Richard A. and Susan F. Smith Center for Outcomes Research in Cardiology, Division of Cardiovascular Medicine, Beth Israel Deaconess Medical Center, Boston, Massachusetts; Cardiology Division, Department of Medicine, Massachusetts General Hospital, Harvard Medical School, Boston, Massachusetts.
Richard A. and Susan F. Smith Center for Outcomes Research in Cardiology, Division of Cardiovascular Medicine, Beth Israel Deaconess Medical Center, Boston, Massachusetts; Department of Anesthesia, Critical Care and Pain Medicine, Massachusetts General Hospital, Boston, Massachusetts.
JACC Cardiovasc Interv. 2020 Jun 8;13(11):1277-1287. doi: 10.1016/j.jcin.2020.03.008.
The aims of this study were to examine variation in the use of conscious sedation (CS) for transcatheter aortic valve replacement (TAVR) across hospitals and over time and to evaluate outcomes of CS compared with general anesthesia (GA) using instrumental variable analysis, a quasi-experimental method to control for unmeasured confounding.
Despite increasing use of CS for TAVR, contemporary data on utilization patterns are lacking, and existing studies evaluating the impact of sedation choice on outcomes may suffer from unmeasured confounding.
Among 120,080 patients in the TVT (Transcatheter Valve Therapy) Registry who underwent transfemoral TAVR between January 2016 and March 2019, the relationship between anesthesia choice and TAVR outcomes was evaluated using hospital proportional use of CS as an instrumental variable.
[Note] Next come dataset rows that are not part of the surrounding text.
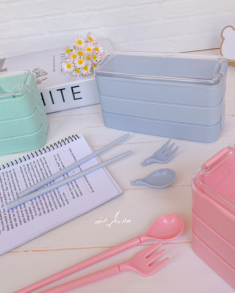 لانچ باکس سه طبقه باچاپستیک وقاشق چنگال
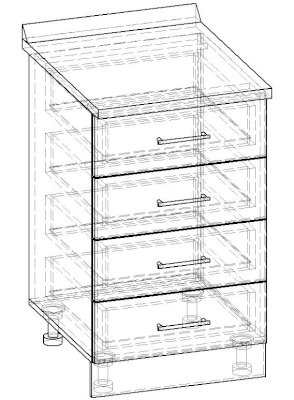 Пенал однодверный 4 ящика 600 КП.002.600-01
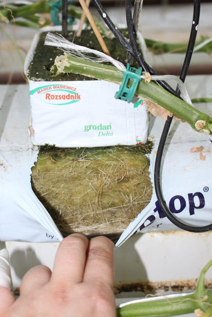 Uprawa prowadzona jest w szklarni państwa Woźniaków w zagęszczeniu 2,5 rośliny/m2 z rozsady dostarczonej przez firmę Rozsadnik – po dwie rośliny w jednej kostce.
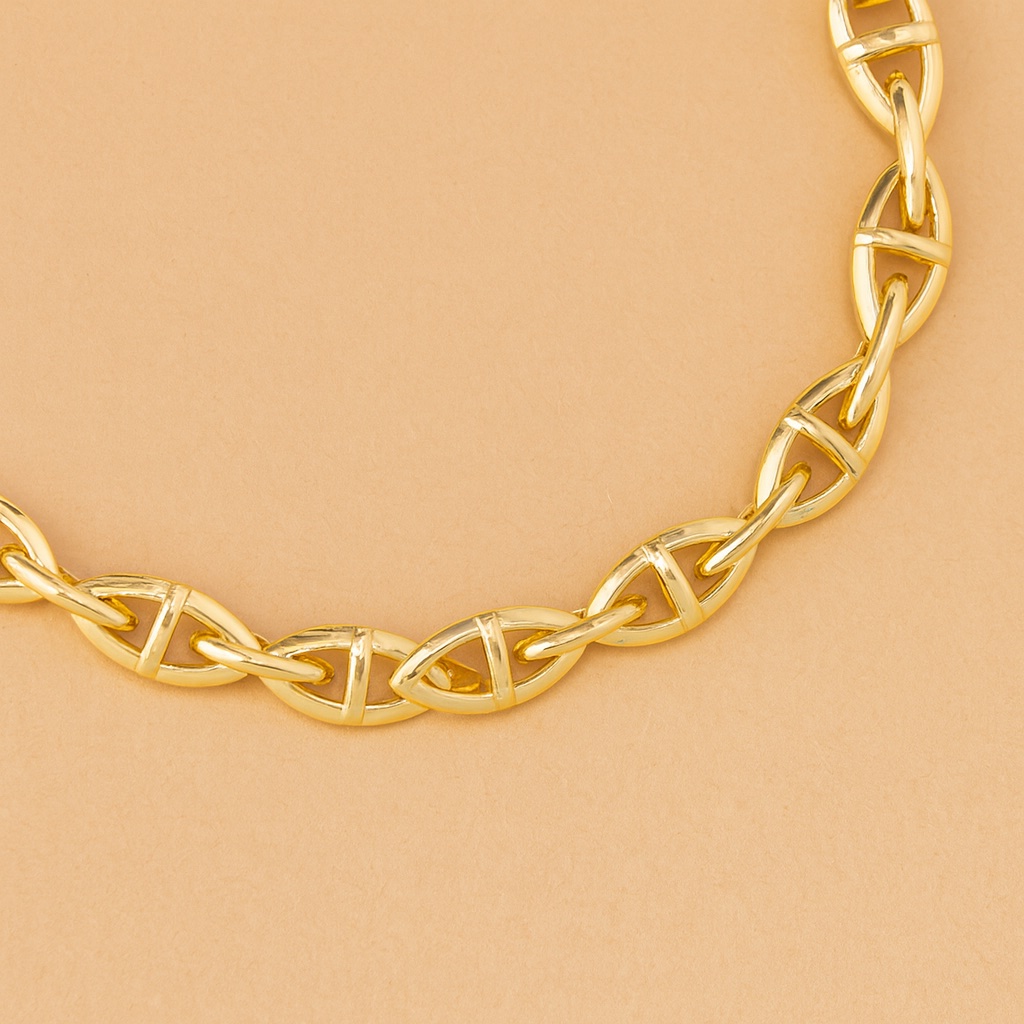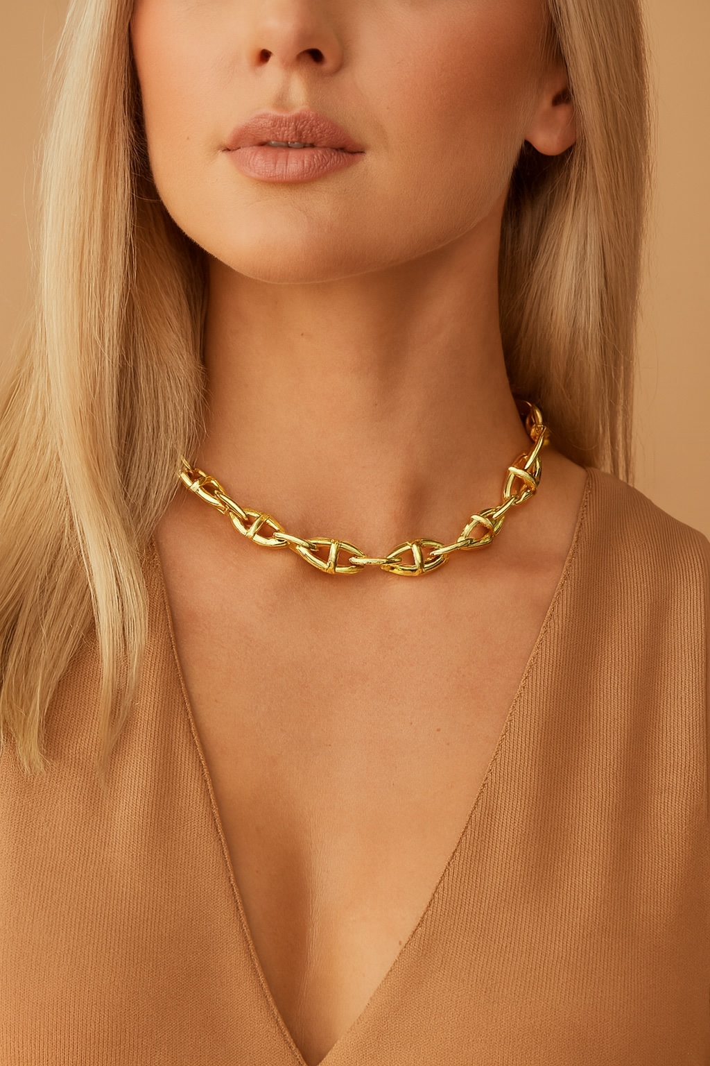 The Golden Tides Necklace is a bold yet timeless statement piece designed to elevate any look. Crafted with a luxurious rhodium base and plated with 24K gold, its unique interlocking links reflect light beautifully, creating an elegant glow against the skin. Perfect for special occasions or everyday sophistication, this necklace embodies modern glamour with a classic touch — a true reflection of refined style.

Over the study period, the proportion of TAVR performed using CS increased from 33% to 64%, and CS was used in a median of 0% and 91% of cases in the lowest and highest quartiles of hospital CS use, respectively. On the basis of instrumental variable analysis, CS was associated with decreases in in-hospital mortality (adjusted risk difference: 0.2%; p = 0.010) and 30-day mortality (adjusted risk difference: 0.5%; p < 0.001), shorter length of hospital stay (adjusted difference: 0.8 days; p < 0.001), and more frequent discharge to home (adjusted risk difference: 2.8%; p < 0.001) compared with GA. The magnitude of benefit for most endpoints was less than in a traditional propensity score-based approach, however.
In contemporary U.S. practice, the use of CS for TAVR continues to increase, although there remains wide variation across hospitals. The use of CS for TAVR is associated with improved outcomes (including reduced mortality) compared with GA, although the magnitude of benefit appears to be less than in previous studies.
本研究旨在考察医院间和时间推移过程中经导管主动脉瓣置换术(TAVR)中使用清醒镇静(CS)的差异,并使用工具变量分析(一种控制未测量混杂因素的准实验方法)评估 CS 与全身麻醉(GA)相比的结局。
尽管 TAVR 中 CS 的使用不断增加,但目前缺乏有关使用模式的最新数据,而且评估镇静选择对结局影响的现有研究可能存在未测量的混杂因素。
在 2016 年 1 月至 2019 年 3 月 TVT(经导管瓣膜治疗)登记处接受经股 TAVR 的 120080 例患者中,使用医院 CS 比例作为工具变量评估麻醉选择与 TAVR 结局的关系。
在研究期间,使用 CS 进行 TAVR 的比例从 33%增加到 64%,CS 在医院 CS 使用量最低和最高四分位数的中位数分别为 0%和 91%的病例中使用。基于工具变量分析,CS 与住院死亡率降低相关(校正风险差异:0.2%;p=0.010)和 30 天死亡率降低相关(校正风险差异:0.5%;p<0.001)、住院时间缩短(校正差异:0.8 天;p<0.001)和更频繁地出院回家(校正风险差异:2.8%;p<0.001),与 GA 相比。然而,大多数结局的获益幅度小于传统倾向评分匹配方法。
在美国,TAVR 中 CS 的使用继续增加,尽管医院间仍存在较大差异。与 GA 相比,TAVR 中 CS 的使用与更好的结局相关(包括死亡率降低),尽管获益幅度似乎小于之前的研究。